Parliament panel seeks changes to Bill on removal of PM, CMs and Ministers after 30 days in jail
A Joint Parliamentary Committee examining the Constitution (One Hundred and Thirtieth Amendment) Bill has recommended replacing the provision for automatic “removal” of a Prime Minister
A Joint Parliamentary Committee examining the Constitution (One Hundred and Thirtieth Amendment) Bill has recommended replacing the provision for automatic “removal” of a Prime Minister, Chief Minister or Minister after 30 consecutive days in judicial custody with “suspension”, though the immediate consequence in both cases would be that the public functionary demits office. Most Opposition parties, arguing that the Bill was driven by “malicious intent”, had declined to join the panel headed by BJP MP Aparajita Sarangi. The proposed constitutional amendment seeks to address what the government describes as a vacuum in cases where public functionaries continue in office during prolonged incarceration. The panel has made five recommendations. These include replacing the Bill’s provisions for a Minister’s “removal” or requirement to “cease to be a Minister” with “suspension”. The recommendation follows submissions from stakeholders that terms such as “removed” and “shall cease to be a Minister” carried “an unwarranted air of finality and stigma”. By contrast, suspension, similar to service rules under which government employees detained beyond a specified period are placed under suspension without any presumption of guilt, is viewed as a reversible measure.

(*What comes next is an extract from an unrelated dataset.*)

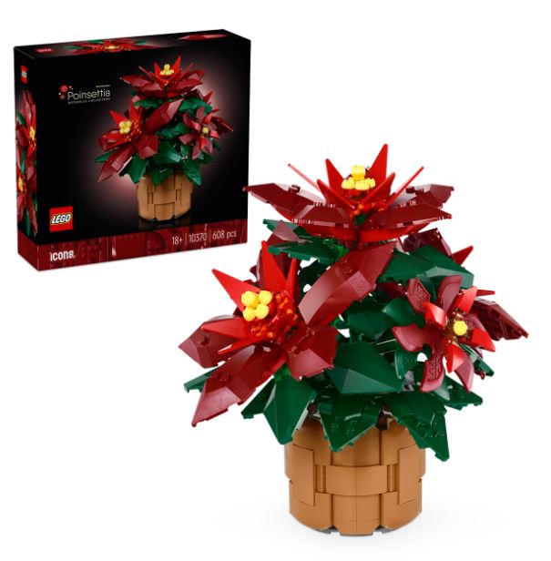 - LEGO Kunstblumen im Topf: Diese LEGO Interpretation einer in der Weihnachtszeit besonders beliebten Pflanze ist beweglich und besteht aus 5 sternförmigen Blütenständen mit roten Blättern (Brakteolen) und gelbem Cyathium in der Mitte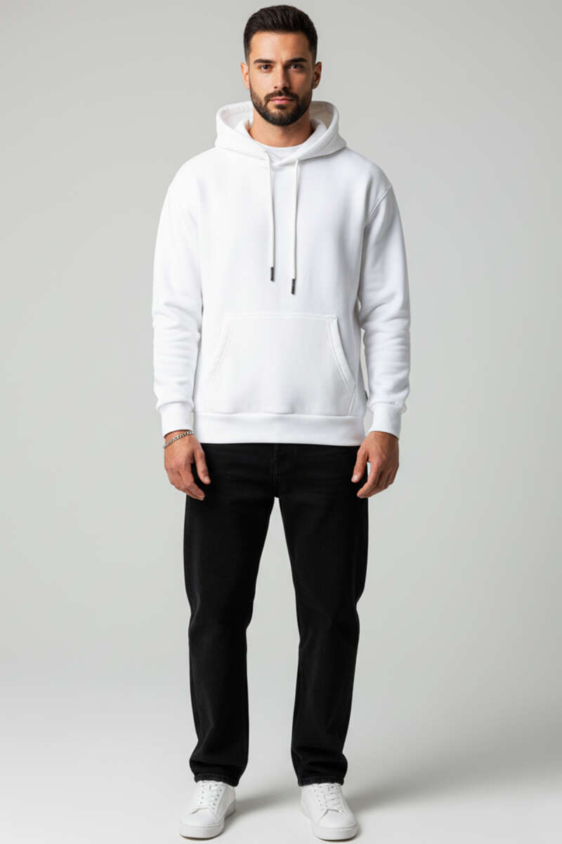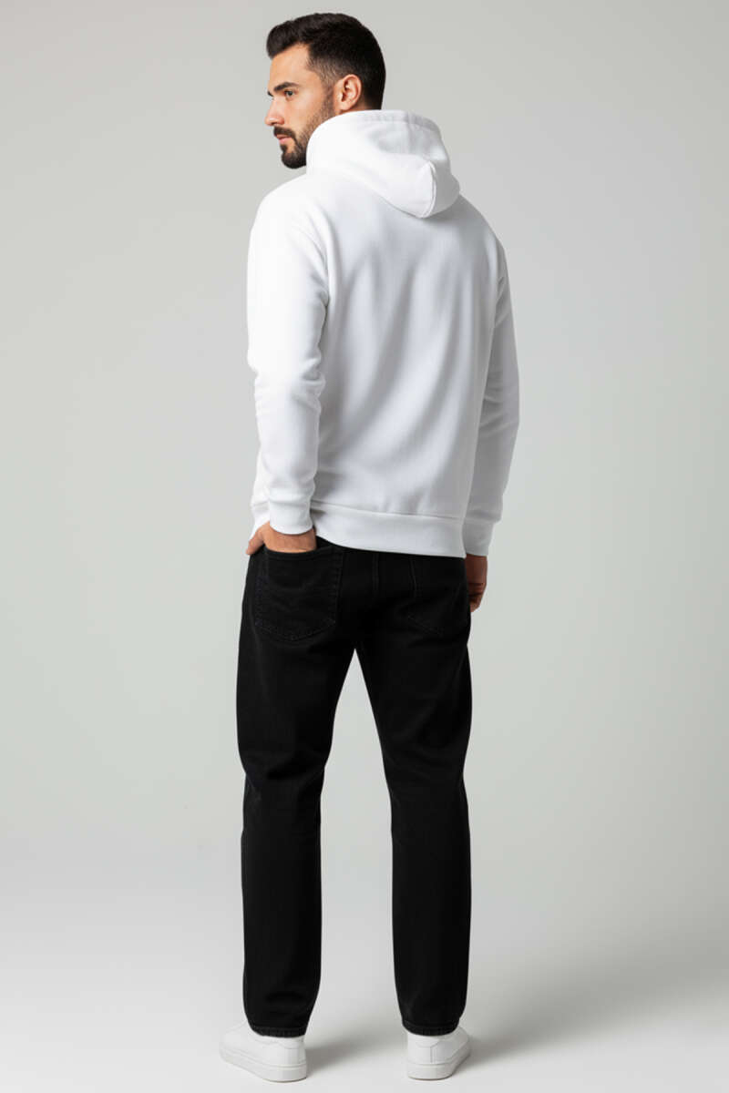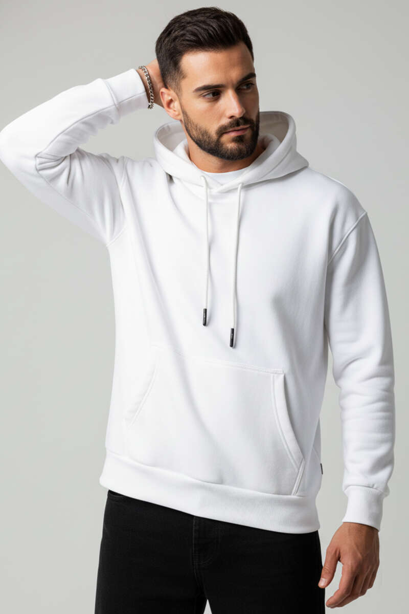 Üç İplikli Kapüşonlu Erkek Sweatshirt Beyaz

The committee has also recommended defining “serious criminal offences” as offences punishable with imprisonment of five years or more. It proposed an automatic reversal clause under which suspension would lapse upon discharge, acquittal, or failure of the prosecution to proceed within a specified period. The panel also called for fast-track courts to hear cases involving high constitutional functionaries and for a separate schedule listing offences that would attract the proposed provisions. Constitution silent According to the committee’s draft report, there was broad agreement among stakeholders that both the Constitution and the Representation of the People Act, 1951 are presently silent on the consequences of a sitting Prime Minister, Chief Minister or Minister being arrested and held in custody on serious criminal charges. However, the report notes that the sharpest disagreements centred on the mechanism chosen by the Bill rather than its objective. “Notably, even within the supportive cluster, no stakeholder defended the Bill’s present formulation without qualification; and even within the critical cluster, no stakeholder rejected the legislative objective itself,” the report says. “The disagreement lies overwhelmingly in the design of the trigger mechanism and the safeguards attending it, not in the underlying policy goal.” The most contested provision was the Bill’s trigger mechanism, under which a public functionary would automatically lose office after spending 30 continuous days in custody in connection with offences punishable with five years’ imprisonment or more.